Information provided Start Marker

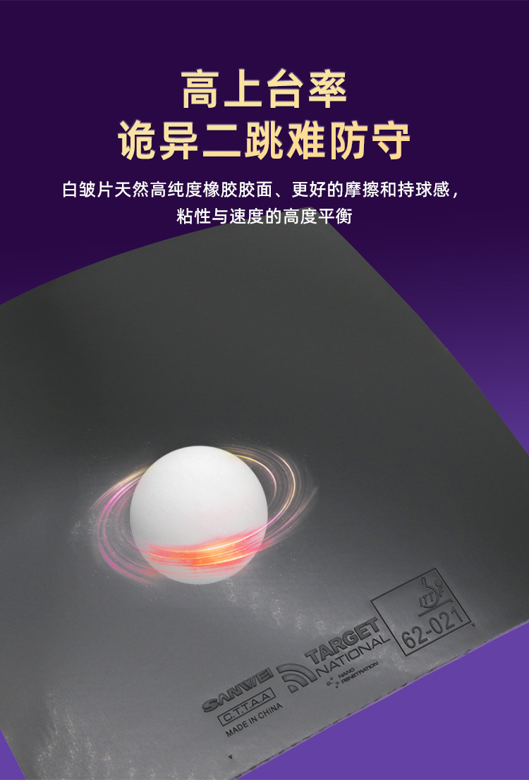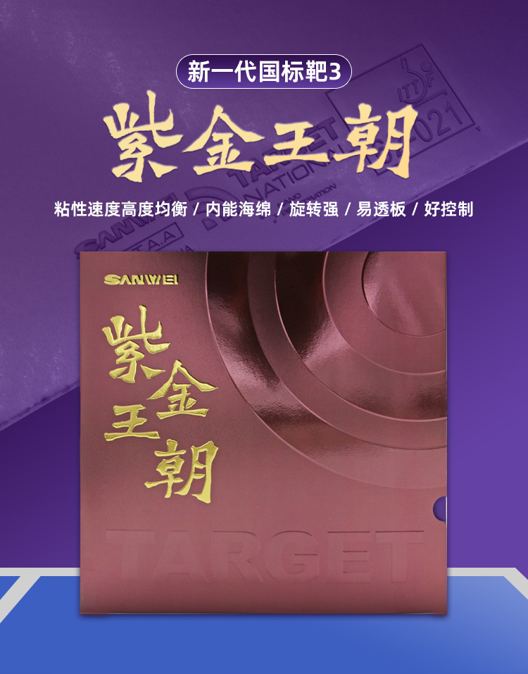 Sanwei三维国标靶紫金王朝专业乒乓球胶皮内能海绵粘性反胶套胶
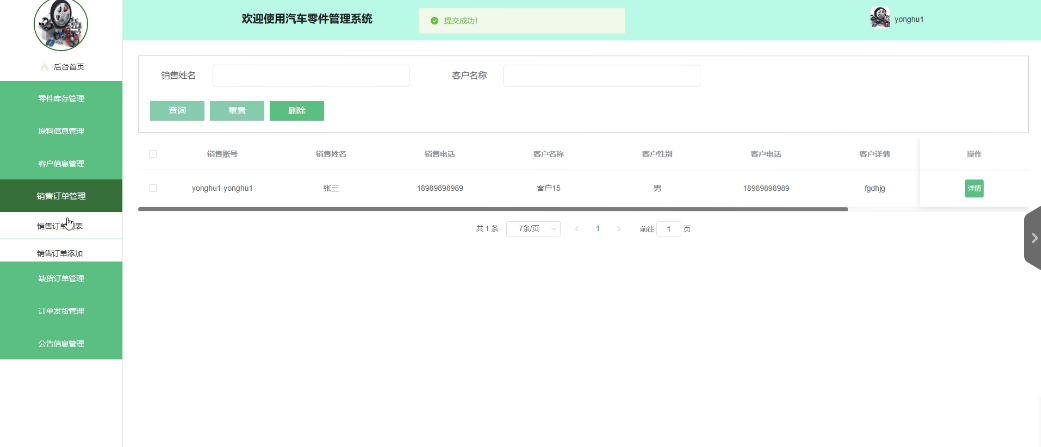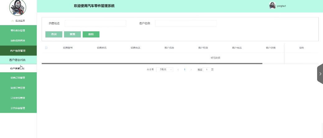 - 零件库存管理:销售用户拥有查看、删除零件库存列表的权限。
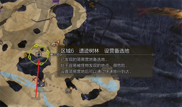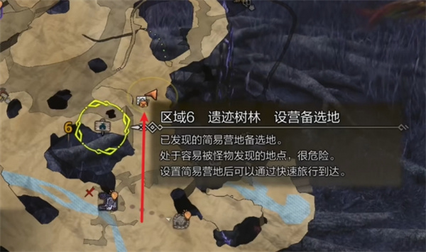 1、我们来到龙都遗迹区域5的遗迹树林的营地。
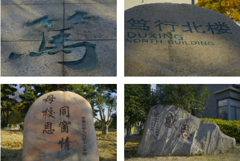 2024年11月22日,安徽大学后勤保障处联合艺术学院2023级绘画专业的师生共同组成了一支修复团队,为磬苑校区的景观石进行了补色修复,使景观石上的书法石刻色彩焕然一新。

Information provided End Marker

**Exercise requirements**:
Lines from the one with "- 零件库存管理:销售用户拥有查看、删除零件库存列表的权限。" through the final line of the listing above: copy them exactly, both ends included, and omit every picture.

**Exercise answer**:
 - 零件库存管理:销售用户拥有查看、删除零件库存列表的权限。
 1、我们来到龙都遗迹区域5的遗迹树林的营地。
 2024年11月22日,安徽大学后勤保障处联合艺术学院2023级绘画专业的师生共同组成了一支修复团队,为磬苑校区的景观石进行了补色修复,使景观石上的书法石刻色彩焕然一新。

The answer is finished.